Moody's Investors Service has today assigned first-time ratings to Access Bank Plc (Access): Ba3/Not Prime Local and Foreign Currency Issuer Ratings; Ba3/Not Prime Local Currency Deposit Ratings and a B1/Not Prime Foreign Currency Deposit Rating, and a b2 Baseline Credit Assessment (BCA). The outlook on all the ratings is stable. Moody's also assigned a Counterparty Risk Assessment (CRA) of Ba3(cr)/Not Prime(cr).
"Access Bank's b2 standalone profile reflects (1) solid asset quality metrics, underpinned by tangible improvements in loan underwriting standards and risk management in recent years; (2) robust capital and liquidity buffers, supported by sustainable internal capital generation; and (3) a stable liability structure predominantly funded with deposits. These strengths are balanced against (1) Nigeria's challenging operating environment, which takes into account the strong growth potential of the system and institutional and structural weaknesses; (2) concentration risks on the bank's books, including to the oil and gas industry, and (3) the high loan growth recorded by the bank in recent years. While these factors pose the risk of asset quality volatility through a full economic cycle, we believe Access is very well positioned to weather such challenges and, therefore, we expect its standalone credit profile to remain resilient.

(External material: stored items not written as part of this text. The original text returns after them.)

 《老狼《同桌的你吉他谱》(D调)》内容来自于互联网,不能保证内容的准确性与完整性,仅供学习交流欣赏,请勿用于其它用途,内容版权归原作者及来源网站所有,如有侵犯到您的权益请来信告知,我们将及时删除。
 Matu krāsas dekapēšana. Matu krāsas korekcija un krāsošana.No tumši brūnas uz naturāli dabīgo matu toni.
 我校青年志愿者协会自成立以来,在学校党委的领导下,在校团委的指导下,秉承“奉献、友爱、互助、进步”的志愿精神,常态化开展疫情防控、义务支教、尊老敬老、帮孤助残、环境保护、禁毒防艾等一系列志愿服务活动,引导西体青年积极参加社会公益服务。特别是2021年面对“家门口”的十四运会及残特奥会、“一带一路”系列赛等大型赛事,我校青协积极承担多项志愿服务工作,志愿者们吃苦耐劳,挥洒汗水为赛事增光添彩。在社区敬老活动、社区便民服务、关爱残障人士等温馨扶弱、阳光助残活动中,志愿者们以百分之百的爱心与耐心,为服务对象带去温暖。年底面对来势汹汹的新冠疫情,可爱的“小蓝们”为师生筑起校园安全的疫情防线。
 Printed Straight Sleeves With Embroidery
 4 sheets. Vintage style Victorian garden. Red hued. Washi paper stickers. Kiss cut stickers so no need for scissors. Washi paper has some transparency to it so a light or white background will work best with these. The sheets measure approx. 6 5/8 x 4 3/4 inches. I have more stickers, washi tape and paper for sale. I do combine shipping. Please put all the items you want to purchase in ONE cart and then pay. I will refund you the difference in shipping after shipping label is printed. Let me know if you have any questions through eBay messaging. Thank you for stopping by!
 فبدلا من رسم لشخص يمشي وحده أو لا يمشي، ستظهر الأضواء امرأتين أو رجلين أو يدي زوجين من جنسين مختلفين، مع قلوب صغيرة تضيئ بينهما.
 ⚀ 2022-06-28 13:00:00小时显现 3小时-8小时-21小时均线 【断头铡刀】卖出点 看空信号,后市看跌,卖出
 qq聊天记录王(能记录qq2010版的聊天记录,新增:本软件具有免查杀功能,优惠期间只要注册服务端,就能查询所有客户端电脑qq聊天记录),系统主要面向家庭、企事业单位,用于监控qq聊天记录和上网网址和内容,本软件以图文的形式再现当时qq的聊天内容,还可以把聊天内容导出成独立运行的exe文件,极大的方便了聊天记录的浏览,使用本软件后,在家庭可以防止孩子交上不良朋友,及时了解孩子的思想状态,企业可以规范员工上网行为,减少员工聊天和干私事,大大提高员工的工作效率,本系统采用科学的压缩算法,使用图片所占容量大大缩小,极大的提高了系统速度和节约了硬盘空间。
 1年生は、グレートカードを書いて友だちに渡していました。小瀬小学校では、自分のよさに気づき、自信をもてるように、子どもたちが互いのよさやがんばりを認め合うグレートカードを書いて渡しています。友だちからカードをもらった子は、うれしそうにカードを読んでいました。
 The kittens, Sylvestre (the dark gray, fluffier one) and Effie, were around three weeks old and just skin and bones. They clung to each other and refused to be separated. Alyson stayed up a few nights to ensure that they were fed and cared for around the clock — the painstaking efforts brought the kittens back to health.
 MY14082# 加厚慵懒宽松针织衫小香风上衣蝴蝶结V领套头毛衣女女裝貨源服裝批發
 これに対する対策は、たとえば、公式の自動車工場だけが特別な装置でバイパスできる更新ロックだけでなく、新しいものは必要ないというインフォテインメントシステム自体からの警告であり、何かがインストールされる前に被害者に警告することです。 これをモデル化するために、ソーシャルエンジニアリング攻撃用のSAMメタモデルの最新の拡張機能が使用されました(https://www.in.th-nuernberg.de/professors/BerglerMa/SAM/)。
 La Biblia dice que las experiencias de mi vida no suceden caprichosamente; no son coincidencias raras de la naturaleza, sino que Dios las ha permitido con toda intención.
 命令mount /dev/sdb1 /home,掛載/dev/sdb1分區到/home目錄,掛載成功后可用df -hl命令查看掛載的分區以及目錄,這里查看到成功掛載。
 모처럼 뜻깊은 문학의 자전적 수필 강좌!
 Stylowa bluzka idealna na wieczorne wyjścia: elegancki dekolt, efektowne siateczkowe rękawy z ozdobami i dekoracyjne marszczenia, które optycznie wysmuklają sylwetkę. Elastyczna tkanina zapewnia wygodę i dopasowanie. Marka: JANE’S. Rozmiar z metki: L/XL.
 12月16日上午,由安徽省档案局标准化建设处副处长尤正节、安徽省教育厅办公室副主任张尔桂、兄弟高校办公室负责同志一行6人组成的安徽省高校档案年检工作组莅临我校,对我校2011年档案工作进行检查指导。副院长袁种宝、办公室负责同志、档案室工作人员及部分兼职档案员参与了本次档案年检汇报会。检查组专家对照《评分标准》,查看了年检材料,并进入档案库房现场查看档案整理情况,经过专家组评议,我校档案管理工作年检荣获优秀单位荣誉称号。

"The Local Currency Deposit Ratings also incorporate a two-notch uplift from the Access' b2 baseline credit assessment (BCA), based on our assessment of a very high likelihood of government support in the event of need. This view reflects the bank's Systematically Important Bank (SIB) status in Nigeria and the government's willingness to support troubled banks, as indicated in the past. Our support assumptions bring the local currency deposit ratings, the issuer ratings, and the CRA of Access in line with the Nigerian sovereign rating level of Ba3.Our methodology comprises an assessment of a bank's operating environment which, for Access, is primarily based on our assessment of Nigeria's macro profile, where the bank conducts most of its business, with 87 per cent of its assets being extended to Nigeria-based borrowers.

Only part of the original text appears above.